Release Date: June 26

Platform: Xbox Live Arcade, Playstation Network, Steam

Rating: RP for Rating Pending

Pikmin 3

Pikmin is a strategy game developed and published by Nintendo for the GameCube. It was one of the console's launch titles in 2001 and spawned a sequel in 2004. The player assumes the role of Captain Olimar, who has crash-landed on a bizarre planet. He discovers multi-colored plant-like creatures that blindly follow his orders and help him recover ship parts.

Pikmin 3 is being described as a fully re-imagined, mass-action strategy game. Players must take command of trying to survive and retrieve fruit for a planet that is suffering a food shortage. The world is packed with treasures and enemies, which makes Pikmin 3 more action-centric and fills the game with layers of potential strategies and paths, adding greater replay value to challenge modes.

Release Date: Aug. 4

Platform: Nintendo Wii U

Rating: E for Everyone

DuckTales: Remastered

"DuckTales, Oo-oo!" In 1989, Capcom developed an action-platform video game based on Disney's animated TV series, DuckTales, for the Nintendo Entertainment System. Fun fact: The game was released in Japan as Wanpaku Dakku Yume Bken, literally translated as Naughty Ducks Dream Adventures.

Now you can relive all of those naughty, adventurous duck dreams with DuckTales: Remastered, a high-definition remake of the 1989 game developed by WayForward Technologies. DT:R follows the adventures of Scrooge McDuck as he explores different realms to collect their treasures and become the world's richest duck.

The game takes the classic Disney platforming adventure (and nostalgia for classic console gaming) to a whole new level. All of the visuals from the NES game have been re-created as hand-drawn and animated sprites, across a backdrop of luscious, re-envisioned backgrounds.

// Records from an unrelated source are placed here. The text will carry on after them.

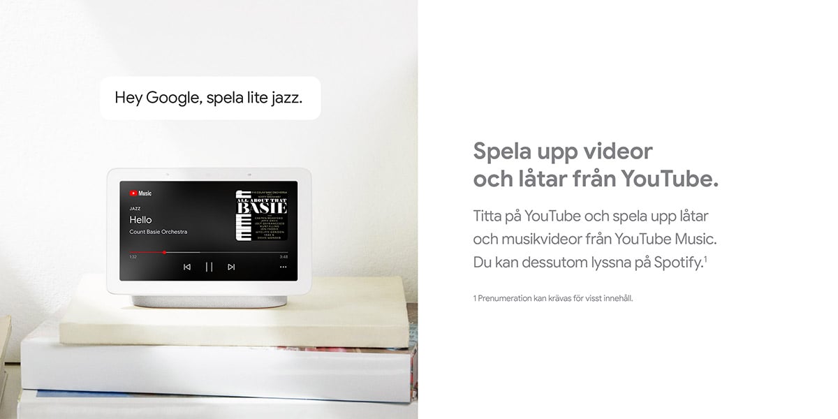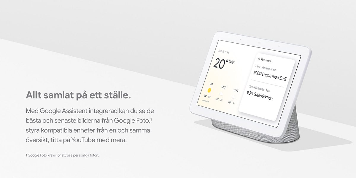 Äntligen en Google Home med skärm. Använder denna för att visa recept och kolla på Youtube/serier i köket medan jag lagar mat. Går även att styra belysning/termostat smidigt. Supernöjd!
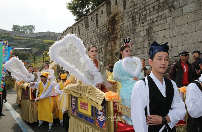 지난 19일 서울 성북구 삼선동의 서울성곽에서 '제4회 삼선동 선녀축제'가 열렸다. 사진은 가마를 타고 서울성곽~장수마을~돈암시장~삼선분수마루를 순회하고 있는 삼선녀들의 모습. (사진제공=성북구청)
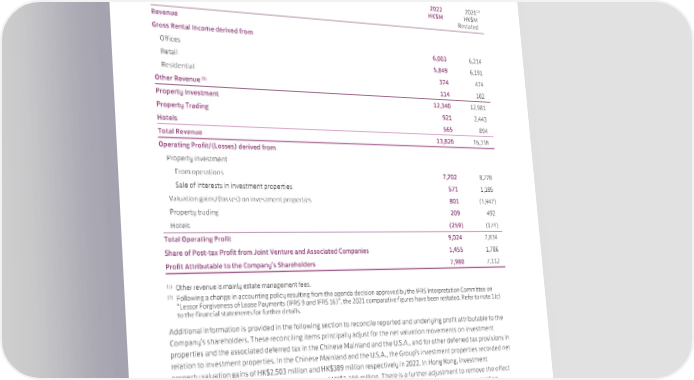 REVIEW OF OPERATIONS 2022 2021(2) HK$M HK$M Restated Revenue Gross Rental Income derived from Offices 6,003 6,214 Retail 5,849 6,191 Residential 374 474 Other Revenue (1) 114 102 Property Investment 12,340 12,981 Property Trading 921 2,443 Hotels 565 894 Total Revenue 13,826 16,318 Operating Profit/(Losses) derived from Property investment From operations 7,702 8,278 Sale of interests in investment properties 571 1,185 Valuation gains/(losses) on investment properties 801 (1,947) Property trading 209 492 Hotels (259) (174) Total Operating Profit 9,024 7,834 Share of Post-tax Profit from Joint Venture and Associated Companies 1,455 1,786 Profit Attributable to the Company’s Shareholders 7,980 7,112 (1) Other revenue is mainly estate management fees. (2) Following a change in accounting policy resulting from the agenda decision approved by the IFRS Interpretation Committee on “Lessor Forgiveness of Lease Payments (IFRS 9 and IFRS 16)”, the 2021 comparative figures have been restated. Refer to note 1(c) to the financial statements for further details. Additional information is provided in the following section to reconcile reported and underlying profit attributable to the Company’s shareholders. These reconciling items principally adjust for the net valuation movements on investment properties and the associated deferred tax in the Chinese Mainland and the U.S.A., and for other deferred tax provisions in relation to investment properties. In the Chinese Mainland and the U.S.A., the Group’s investment properties recorded net property valuation gains of HK$2,503 million and HK$389 million respectively in 2022. In Hong Kong, investment properties recorded net property valuation losses of HK$1,166 million. There is a further adjustment to remove the effect of the movement in the fair value of the liability in respect of a put option in favour of the owner of a non-controlling interest. Amortisation of right-of-use assets classified as investment properties is charged to underlying profit. 32

Original Disney voice talent, including Alan Young as Scrooge, bring in-game characters to life while the classic 8-bit soundtrack is given a modern update. And because it's absolutely necessary to the integrity of the in-game narrative, DuckTales: Remastered also features new story elements that explain some of the motives and reasoning behind each level, such as how Scrooge McDuck is able to breathe on the moon.

Release Date: Q3 2013

Platform: Xbox Live, Playstation Network, Wii U eShop

Rating: E for Everyone

This will be the last summer enjoyed by the current-generation consoles. The holiday shopping season will bring along with it shiny, expensive new ones: the Xbox One (a confusing name considering it's Microsoft's third console) and the PS4, both of which will offer state-of-the-art graphics and new methods of gameplay utilizing touchscreens and motion-sensor components.

Until then, gamers will spend the last days of Xbox 360 and PS3 altering memories, surviving the apocalypse, bartering with anamorphic animals and, yes, riding a pogo stick as Scrooge McDuck.

(Console Me, Creative Loafing's electronic gaming column, consists of previews, reviews and commentary penned by Charlotte writer Adam Frazier, a regular contributor to CL and the websites Geeks of Doom and Hollywood News.)